The hexagonal structure and the stacking of the atoms influence the physical properties in many ways including the color, hardness, cleavage, density, and luster. Another important factor in influencing physical properties of minerals is the presence of bonding between atoms. Within dickite there exists dominant O-H bonding, a type of strong ionic bonding.

==Structure==
Dickite has a monoclinic crystal system and its crystal class is domatic (m). This crystal system contains two non-equal axes (a and b) that are perpendicular to each other and a third axis (c) that is inclined with respect to the a axis. The a and c axes lie in a plane. Dickite involves an interlayer bonding with at least 3 identifiable bonds: an ionic type interaction due to net unbalanced charges on the layers, Van der Waals forces between layers and hydrogen bonds between oxygen atoms on the surface of one layer and hydroxyl groups on the opposing surface. A hydrogen bond, as the term is used here, involves a long range interaction between hydrogen of a hydroxyl group coordinated to a cation and an oxygen atom coordinated to another cation. The reaction is predominantly electrostatic; hence an ionic bonding model is appropriate. Its axial ratio is a=0.576, b=1, c=1.6135.

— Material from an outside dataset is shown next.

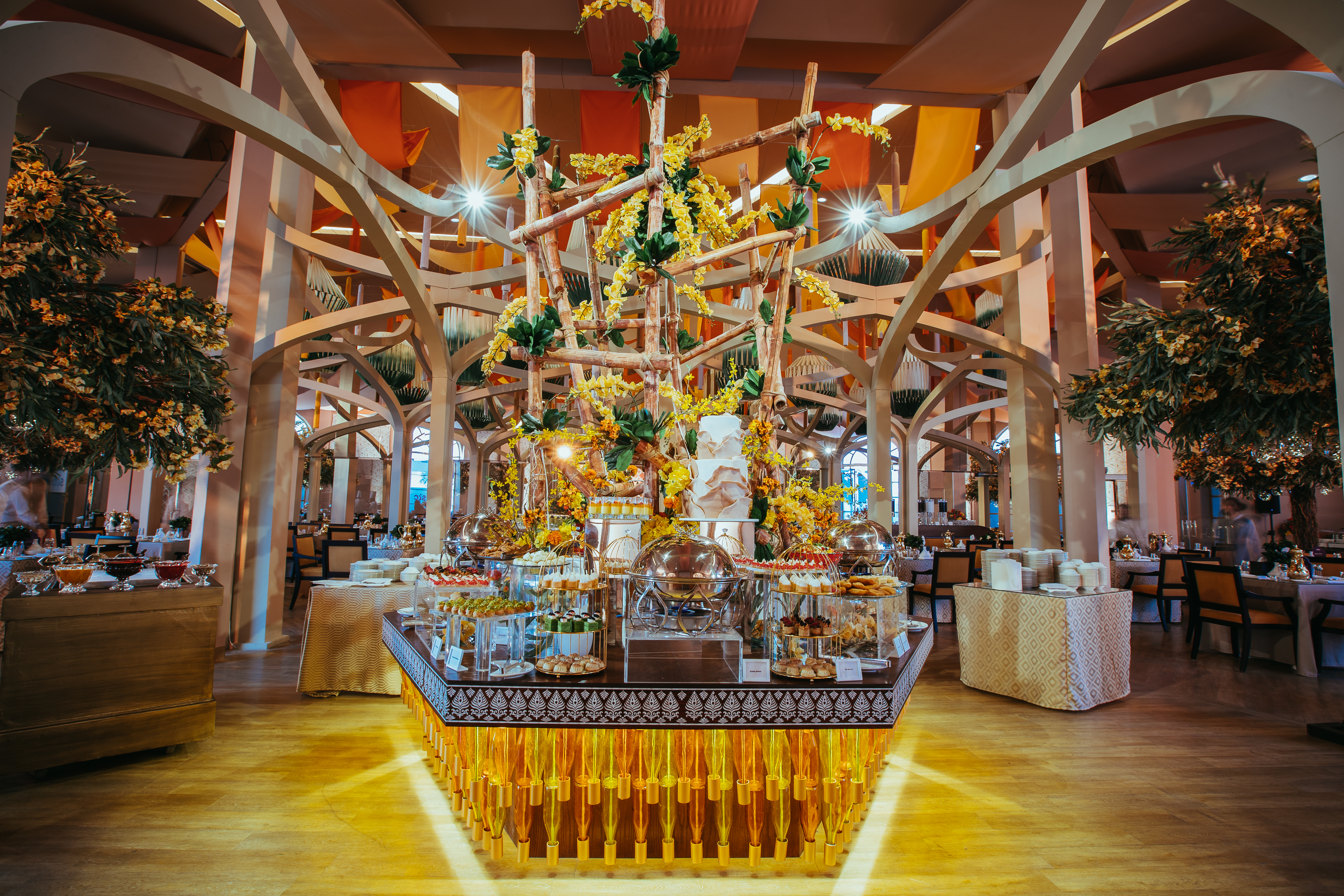Elegant flower arrangements adorned the buffet area. I was immediately seated. I noticed the meticulous care with which each table was set up with a fresh plant, two golden flasks filled with tea and gahwa (Arabic coffee) so that you don’t have to keep looking for a server every time you want to sip on tea or gahwa.

The hexagonal network of Si-O tetrahedra along with the superimposed layer of Al-O, OH octahedra make up the kaolin layer found in dickite. Dickite is composed of regular sequences of one, two and six kaolin layers. Analysis of the dickite structure reveals the space group to be C4s-Cc. The a and c axis both lie on the glide plane of symmetry. Dickite's structure is made up of a shared layer of corner-sharing tetrahedra filled by a plane of oxygens and hydroxyls along with a sheet of edge-sharing octahedra with every third site left empty.

An experiment was conducted using a pseudo-hexagonal crystal of dickite to determine the unit cell information and the layers that exist within dickite. It was found that there are six layers within the kaolin layer within dickite. This is evidenced in the following findings. There is an oxygen atom from the all oxygen layer that lies at the center. The atoms of the O layer, the Si layer and the O, (OH) layer are situated for the ideal kaolin layer.

X-ray experiments were performed by C. J. Ksanda and Tom F. W. Barth and it was concluded that dickite is composed of tiny layers of cations and anions which are parallel to the a-b plane stacked on top of one another which they found to be exactly as Gruner had described. It was also concluded that the two dimensional arrangement of some of the atoms are not as Gruner described.